3. The right of a detained or imprisoned person to be visited by and to consult and
communicate, without delay or censorship and in full confidentiality, with legal counsel may
not be suspended or restricted save in exceptional circumstances, to be specified by law or
lawful regulations, when it is considered indispensable by a judicial or other authority in
order to maintain security and good order.
4. Interviews between a detained or imprisoned person and his legal counsel may be within
sight, but not within the hearing of a law enforcement official.
5. Communication between a detained or imprisoned person and his legal counsel mentioned
in the present principle shall be inadmissible as evidence against the detained or imprisoned
person unless they are connected with a continuing or contemplated crime.'
The above principle, to a certain extent has been adopted and enacted under Rule 101 (2) of
the Prisons Regulations 2000, which provides that: 'Reasonable facilities shall be accorded to
the legal adviser of a prisoner who is conducting any legal proceedings, civil or criminal, in
which the prisoner is a party, to see the prisoner with reference to such proceedings in the
sight,

but

not

in

the

hearing,

of

prison

officer.'

Therefore, in cases where a person has been arrested under the provision of the Criminal
Procedure Code, the arrested person will be allowed to consult his lawyer in private.

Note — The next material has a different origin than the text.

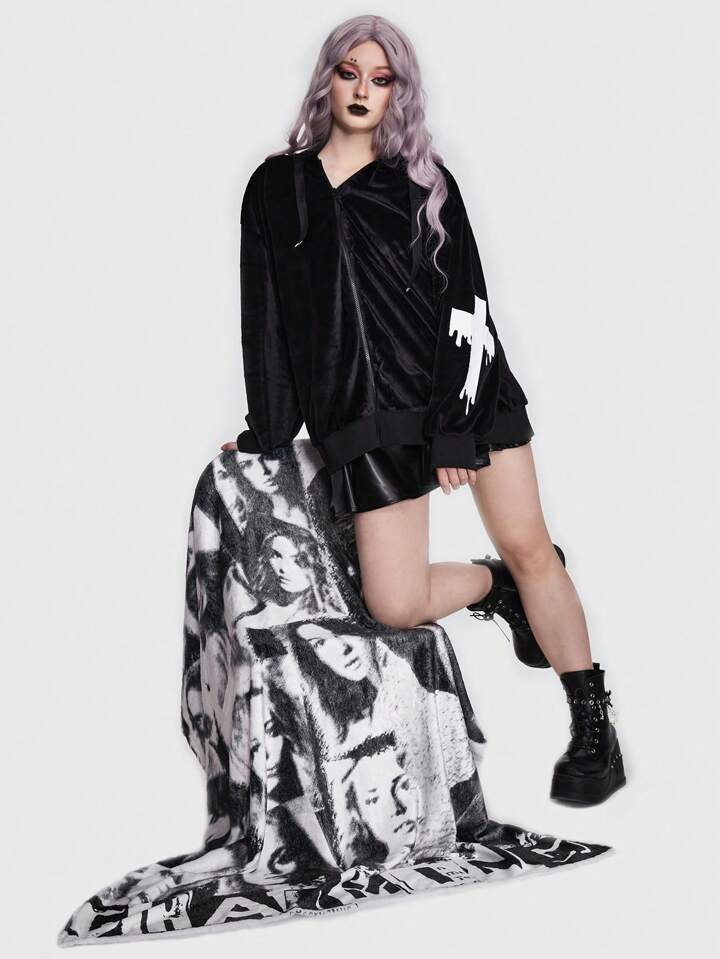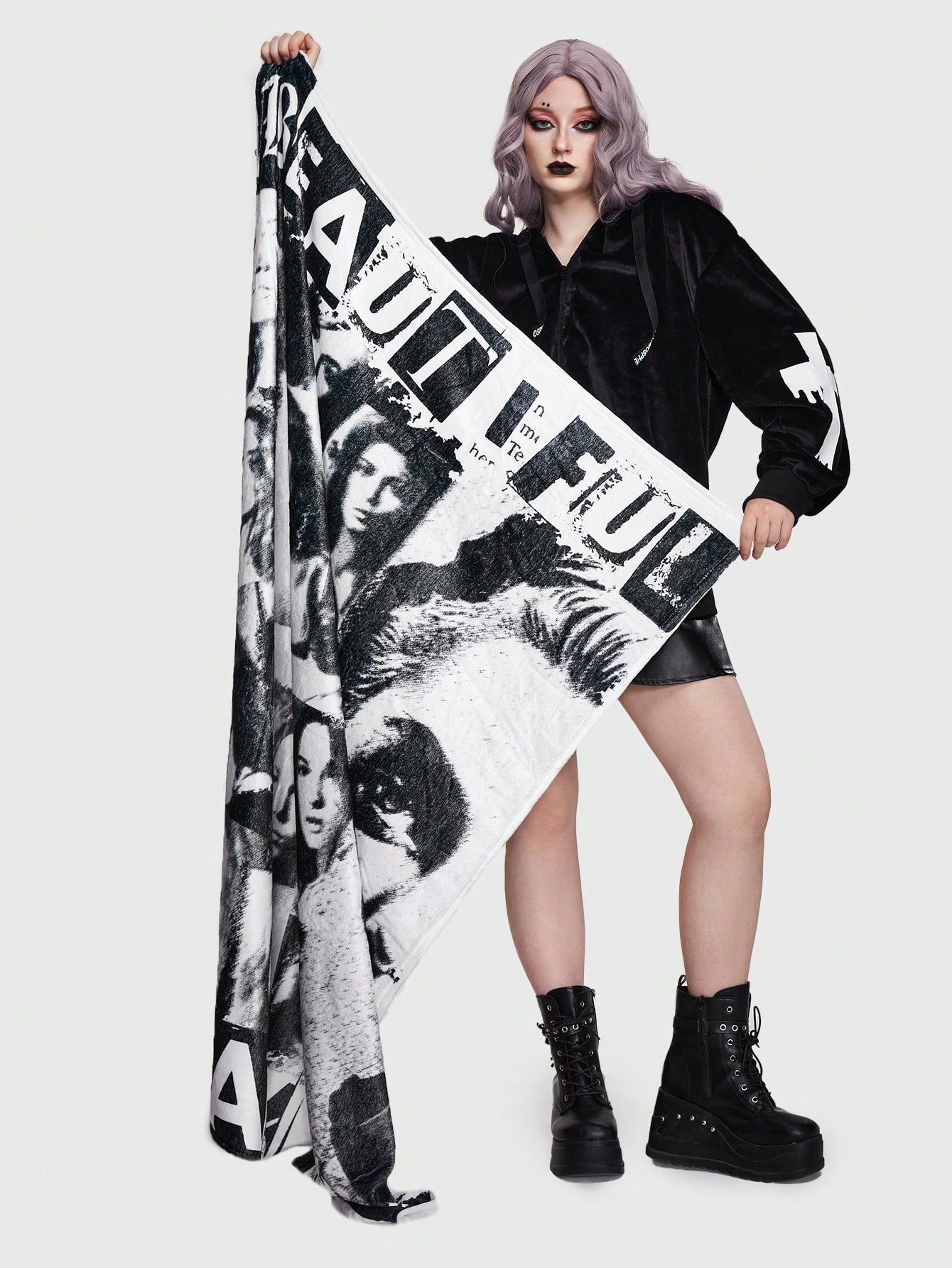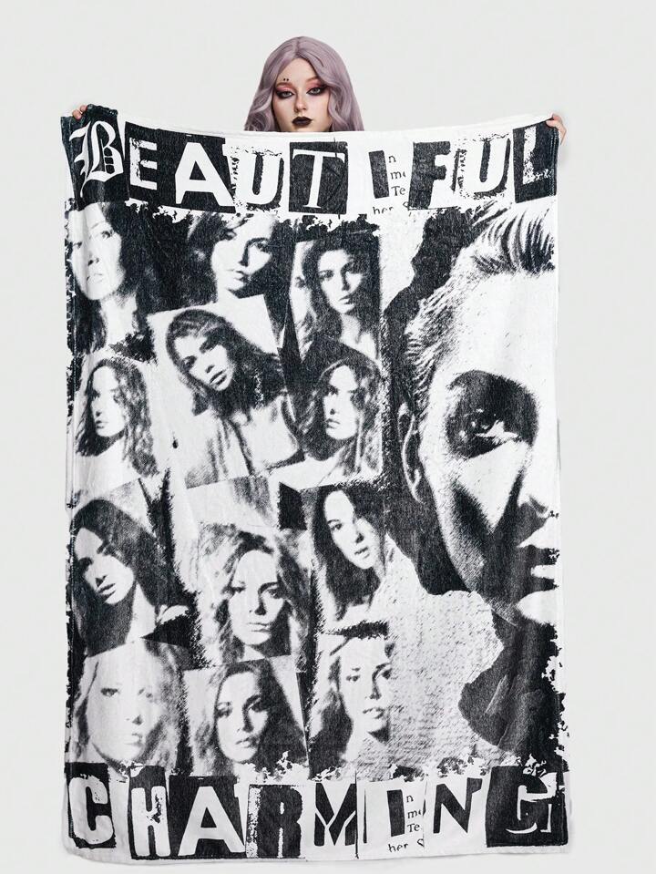 Goth 1pc Letter Figure Pattern Throw Blanket,Casual Washable Throw Blanket For Couch And Bed

The

position, however, is different in cases where one is arrested and detained under the Internal
Security Act whereby the consultation with lawyers is made within sight and hearing of the
detaining authority.

Evolution of Legal Aid Scheme


Article 14(3) of the International Convention on Civil and Political Rights guarantees to
everyone, the right to have legal assistance assigned to him in case where the interest of
justice shall require,and without payment by him in any such case if he does not have
sufficient means to pay for it.
The Fourteenth Report of the Law Commission also echoes this concept:
Equality is the basis of all modern systems of jurisprudence and administration of justice. In
so far as a person is unable to obtain access to a court of law for having his wrongs redressed
or for defending himself against a criminal charge, justice becomes unequal and laws which
are meant for his protection have no meaning and to that extent fail in their purpose. Unless
some provision is made for assisting the poor man for the payment of court fees and lawyers
fees and other incidental costs of litigation, he is denied equality in the opportunity to seek
justice

Report of the Bhagavati Committee, 1977


To make more focused recommendations regarding legal aid schemes, the government of
India appointed in May, 1976 another committee with Shri Justice P.N.Bhagavati as
chairman and Shri Justice V.R.Krishna as member. The report of this Committee, titled as the
Report on National Juridicare: Equal Justice-Social Justice, was submitted in August, 1977.
Its major recommendations are presented below:
a) Setting up state legal aid boards and legal aid committees at district,
Taluk/Tehsils/block levels as well as at Supreme Court and High Court levels.

b) Legal aid programs should be based on the socio-economic conditions prevailing in


the country.
c) Prepare and encourage social workers for para legal services.
d) Nyaya Panchayats may be constituted and encouraged
e) Special provision for legal aid to women, scheduled castes, scheduled tribes and
minorities.
f) Initiating public interest litigation.
g) Association of NGOs for LAS.
h) Conciliation cells, to minimize litigation.

Committee for Implementing Legal Aid Schemes (CILAS)


Around this time (1976-77), the idea of Legal Aid Schemes had caught up in the country.
Also, the Constitution (forty-second amendments) Act, 1976 had introduced Article 39A,
which gave the concept of legal aid a constitutional status. To give effect to the intent of this
Article as well as to the recommendations of the Bhagavati Committee, the government of
India constituted in September 1980, the committee for implementing legal aid schemes
(CILAS). The Charter for CILAS was as follows:
a. To formulate specific Legal Aid Schemes (LASs).
b. To monitor implementation LASs.
c. To take steps for implementation of LASs.